Identification of transcription factors (TFs) and their binding sites on their target genes is an important element of transcriptome analysis in the post-genome-sequencing era. Until now, various approaches have been taken to identify specific DNA-binding sites of TFs. DNA-binding specificities have traditionally been determined by experimental techniques such as DNase I footprinting and electromobility shift assay [8, 9]. More recently, putative TF binding sites have been identified by computational techniques such as hidden Markov models (HMMs) [10] and position-weight matrices (PWMs) [11, 12]. The PWM has one column for each position in the binding site and one row for each nucleotide. Each of the matrix elements is proportional to the relative frequency of the corresponding nucleotide at each position, and the score for a particular site is the sum of the matrix values for the sequence. Therefore, PWM is often used to predict nucleotide-protein binding sites and is used in the TRANSFAC database, which covers many known TFs and binding sites [13]. This approach is a convenient way to identify positions that are more highly conserved than others in a whole genome, because any sequence that differs from a consensus sequence has a lower score. The accuracy of detecting promoter sequences thus depends on the conservation of TF-binding sites.
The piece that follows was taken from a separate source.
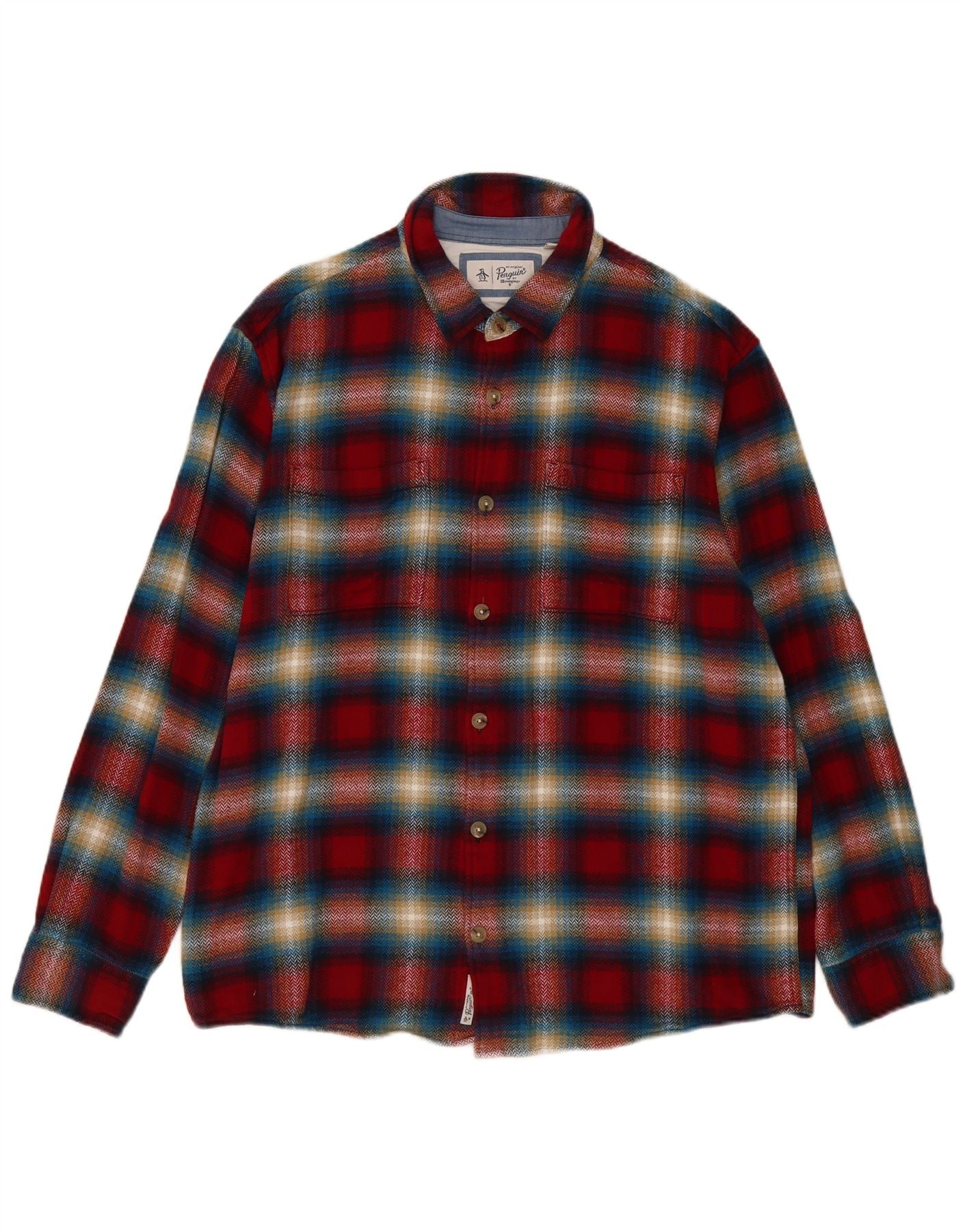 Camisa masculina de flanela de lenhador PENGUIN XL de algodão xadrez vermelho

We can now use complete genomic DNA sequences from several species and analyze massive amount of data on differential gene expression in microarray experiments [14]. Using microarrays in various conditions, we can obtain co-expression patterns for adjacent genes, which is an important property for determining transcription units.

In the present study, we identify the TUs in B. subtilis using a combination of (i) a bioinformatics approach, using PWM methods that identify TF-binding sites by detecting statistically significant TF-binding sequences on the genome; and (ii) two DNA microarray analyses, one to predict co-expressed gene clusters by calculating Pearson correlation coefficients of expression profiles for neighboring genes, and the other to determine genes regulated by each of the TFs in the units by comparing gene expression between wild-type and TF deletion mutants in the genome.

Results

The integrated strategy for TU prediction

The procedures for elucidating TUs are outlined in Fig. 1. First, co-expressed gene clusters were determined by correlating expression profiles between neighboring genes transcribed in the same direction with no intervening gene transcribed in the opposite direction (Fig. 1(1)). Co-expression between neighboring genes was estimated using a t-test of the Pearson correlation coefficient. To predict co-expressed gene clusters on the B. subtilis genome, we used 98 DNA microarray data sets in 13 different time-series growth conditions. We then detected various sizes of co-expressed gene clusters and observed that most clusters consisted of four genes or less.

Figure 1
figure 1

Outline of procedure for elucidating TUs by integrated analyses. (1) Co-expressed gene clusters predicted by correlating expression profiles between neighboring genes; (2) promoter (thin arrows) prediction by PWM as the start of a TU in the putative co-expressed gene clusters; (3) detection of significantly expressed genes (stripe thick arrows) by comparison between TF deletion mutant arrays and wild ones; (4) identification of genes composing putative TUs (filled thick arrows) by integration of the three analyses.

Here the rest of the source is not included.